RE: PDF - Text Extraction File from Karen Lewellen on 2025-10-20 (w3c-wai-ig@w3.org from October to December 2025)

From: Karen Lewellen <klewellen@shellworld.net>
Date: Mon, 20 Oct 2025 12:56:41 -0400 (EDT)
To: "Richter,Susan" <Susan.Richter@nscc.ca>
cc: "w3c-wai-ig@w3.org" <w3c-wai-ig@w3.org>
Message-ID: <Pine.LNX.4.64.2510201253290.456551@users.shellworld.net>
I found it later Susan, outlining many of the issues others have noted.
at the end of the day, the question is this.
What are you trying to provide, and how can you provide that information 
in various  ways that helps your students?  its not like a shared label in 
terms of a disability experience makes a shared accommodation, as in  one 
size fits all.
Best,
Karen



On Mon, 20 Oct 2025, Richter,Susan wrote:

> Hi Karen,
>
> I shared the link previously but perhaps you didn't receive it. Here is the link again:
> https://www.nscc.ca/docs/campuses/ivany/ivany-map.pdf
>
> Thanks
>
> Susan Richter
> Senior Web Interface Developer
> Digital Products & Experience
> Nova Scotia Community College
> Institute of Technology Campus
> Web: nscc.ca
>
>
> -----Original Message-----
> From: info@karlencommunications.com <info@karlencommunications.com>
> Sent: Monday, October 20, 2025 9:15 AM
> To: 'David Woolley' <forums@david-woolley.me.uk>; w3c-wai-ig@w3.org
> Subject: RE: PDF - Text Extraction File
>
>
> CAUTION: This message was sent from outside the organization. Please do not click links or open attachments unless you recognize the source of this email and know the content is safe.
> ________________________________
>
> Morning!
>
> If the PDF could be shared, a lot of speculation could end.
>
> If it is a campus map, it is most likely a scanned graphic that is untagged.
>
> Without being able to look at the document, we can't determine the accessibility barrier.
>
> Several of us who have worked in the field of PDF creation and remediation have said that this sounds like a scanned graphic of a map that is not tagged, and therefore is not accessible.
>
> Performing OCR or optical character recognition on a map can result in two unsatisfactory scenarios:
>
> 1. the map will be tagged as a graphic requiring Alt Text. Alt Text would be difficult to provide as it would require a lot of unstructured text that could crash the screen reader buffer.
> 2. Any text on the map could be converted to text which would also be an accessibility barrier because someone would hear a list of names, buildings, streets or other bits of text with no context.
>
> We need to be able to open the PDF in a PDF Editor in order to examine what is going on and provide possible solutions.
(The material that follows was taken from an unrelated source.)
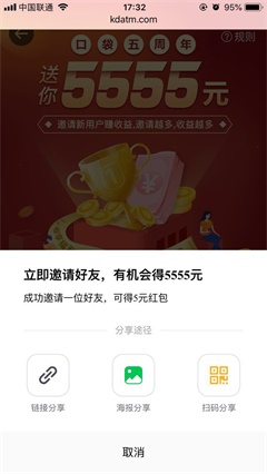 下载完成后,点击:邀请新用户即可看到好友数量以及昨日收徒情况、收益情况。下拉即可看到5555元现金活动排行榜内容,即可了解你与5555元现金的距离。点击邀请好友按钮即可选择“链接、海报或者二维码”赚钱。

If it is a campus map, please send the link to download it.
>
> Cheers, Karen
>
> -----Original Message-----
> From: David Woolley <forums@david-woolley.me.uk>
> Sent: Saturday, October 18, 2025 8:30 PM
> To: w3c-wai-ig@w3.org
> Subject: Re: PDF - Text Extraction File
>
> On 19/10/2025 00:12, David Woolley wrote:
>> I'm wondering if the web server is serving it wrongly, possibly wrong
>> content-encoding, and some browsers are fixing that up.  I downloaded
>> it with Firefox ESR, from Debian 12, and ran the Debian 12 pdftotext,
>> against it.
>>
>>
> There are quite a lot of response headers that are new to me, but the ones that actually describe the document are very straightforward, and say it is PDF, with nothing special done to it.
>
> However, I wonder if you are using something other than a mainstream browser.  It is possible that you are being served with substitute document, intended for suspected crawlers, to stop for, example, AI being trained on the data, or, in the past, people building databases that could be used use to undermine the site owner's business model, or simply to delete the adverts that pay for the site.
>
> Could you check the size of the file, which should be 3216271, and, if using Linux, or FreeBSD, run the "file" utility against it; you should get:
>
> $ file ivany-map.pdf
> ivany-map.pdf: PDF document, version 1.5, 1 pages $
>
> (I'm wondering if you have been served a compressed version and it hasn't been uncompressed by the download tool.  Maybe there is a
> Contents-Encoding: gzip header, in the response, that is being ignored, although note that this wasn't present for responses from either Firefox or wget.)
>
> For reference, these are the HTTP headers I got (there is no more input from me after this):
>
> HTTP/1.1 200 OK
> Cache-Control: max-age=2592000
> Content-Type: application/pdf
> Last-Modified: Wed, 15 Oct 2025 00:48:42 GMT
> Accept-Ranges: bytes
> ETag: "19e2f4736d3ddc1:0"
> Server: Microsoft-IIS/10.0
> X-UA-Compatible: IE=edge
> Permissions-Policy: camera=(), fullscreen=(self), geolocation=(*),
> microphone=()
> Referrer-Policy: no-referrer-when-downgrade
> X-Content-Type-Options: nosniff
> X-Xss-Protection: 1; mode=block
> Content-Security-Policy-Report-Only: default-src 'self' *.nscc.ca; img-src 'self' *.nscc.ca *.gstatic.com *.fontawesome.com *.google.ca
>  --- much more of the same ---
>  ancestors 'self' *.nscc.ca:*;
> Content-Security-Policy: frame-ancestors 'self' *.nscc.ca:*;
> Date: Sat, 18 Oct 2025 23:24:06 GMT
> Content-Length: 3216271
> Strict-Transport-Security: max-age=157680000
>
>
>
>
Received on Monday, 20 October 2025 16:56:51 UTC